2. The method according to claim 1, wherein the detected at least one simulation variable is at least one of an air mass flow and an exhaust gas recirculation rate.

3. The method according to claim 1, wherein the at least one test bench operating value is at least one of an indicated mean pressure and an exhaust gas temperature.

4. The method according to claim 1, wherein the simulation value is determined in a simulation value-determining step carried out in real time, and wherein after the simulation value-determining step a simulation value-setting step is carried out in which the determined simulation value is set at the single-cylinder test bench device.

5. The method according to claim 4, further comprising repeatedly and alternately performing the simulation value-determining step and the simulation value-setting step one after the other until a fluctuation in the determined simulation values of the at least one simulation variable to he simulated undershoots a defined threshold value.

6. The method according to claim 5, wherein at least one current test bench operating value is periodically transmitted to the engine simulation model at fixed intervals and in each case a simulation value which is newly determined on the basis of the at least one current test bench operating value is transmitted to the single-cylinder test bench device.

7. The method according to claim 6, wherein the fixed intervals are every 0.05 to 0.5 seconds.

8. The method according to claim 6, wherein the defined clock time are every 0.1 seconds.

9. The method according to claim 1, wherein at least one starting value defining a starting state is set at the single-cylinder test bench device before the setting of the at least one determined simulation value at the single-cylinder test bench device.

10. The method according to claim 1, wherein a multi-cylinder internal combustion engine is simulated by the engine simulation model.

11. A device for simulating the operation of an internal combustion engine, comprising:

a single-cylinder test bench device;

a data-processing device;

an engine simulation model which simulates a multi-cylinder internal combustion engine executable by said data-processing device; and

a measuring device detecting a test-bench operating value of said single-cylinder test bench device at a defined test bench operating point of the single-cylinder test bench device and feeding the detected test-bench operating value to said data-processing device,

wherein the engine simulation model is embodied such that a simulation value of at least one simulation variable of the multi-cylinder internal combustion engine to be simulated is determined by the engine simulation model based on the detected test bench operating value.
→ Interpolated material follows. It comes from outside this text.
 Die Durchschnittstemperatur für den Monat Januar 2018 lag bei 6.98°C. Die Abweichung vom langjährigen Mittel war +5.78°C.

12. The device according to claim 11, wherein the at least one simulation variable includes at least one of an air mass flow and an exhaust gas recirculation rate.
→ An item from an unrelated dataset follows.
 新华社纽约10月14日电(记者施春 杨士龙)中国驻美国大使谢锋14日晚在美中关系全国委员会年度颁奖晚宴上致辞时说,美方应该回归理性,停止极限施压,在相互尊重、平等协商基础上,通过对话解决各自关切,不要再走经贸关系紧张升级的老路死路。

13. The device according to claim 11, wherein the test bench operating value includes at least one of a mean pressure and an exhaust gas temperature.

14. The device according to claim 11, further comprising an engine control unit setting the defined test-bench operating point of the single-cylinder bench device.
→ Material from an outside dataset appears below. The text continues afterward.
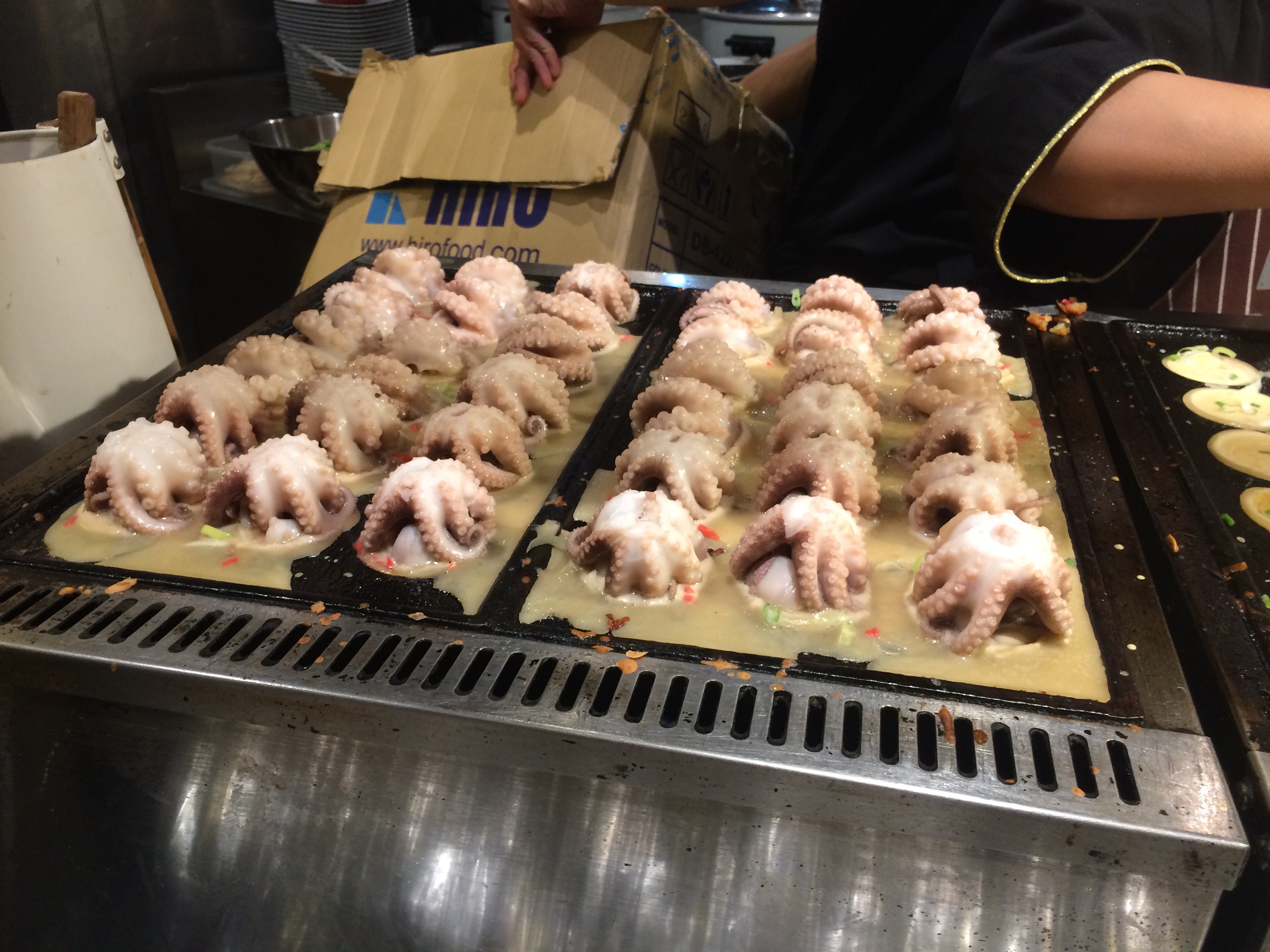 If you are asking yourself: are those baby octopi on a grill in a mall food court? Then the answer is yes.

15. The device according to claim 11, wherein the single-cylinder test bench device includes a compressor device compressing intake air of the single-cylinder test bench device, the engine simulation model being coupled to the compressor device such that a compression of the intake air is one of set and adjusted by the engine simulation model.

16. The device according to claim 11, wherein the single-cylinder test bench device has at least one replaceable interchangeable component by which the combustion process of the single-cylinder test bench device can be set.

17. A non-transitory computer program product storing an engine simulation model for simulating the operation of an internal combustion engine, the engine simulation model comprising processor-executable instructions for:

receiving, at a data-processing device executing the engine simulation model, test bench operating value detected by a measuring device at a defined test bench operating point of a single-cylinder test bench device; and

determining, by the data-processing device, a simulation value of at least one simulation variable of the multi-cylinder internal combustion engine to be simulated based on the at least one test bench operating value.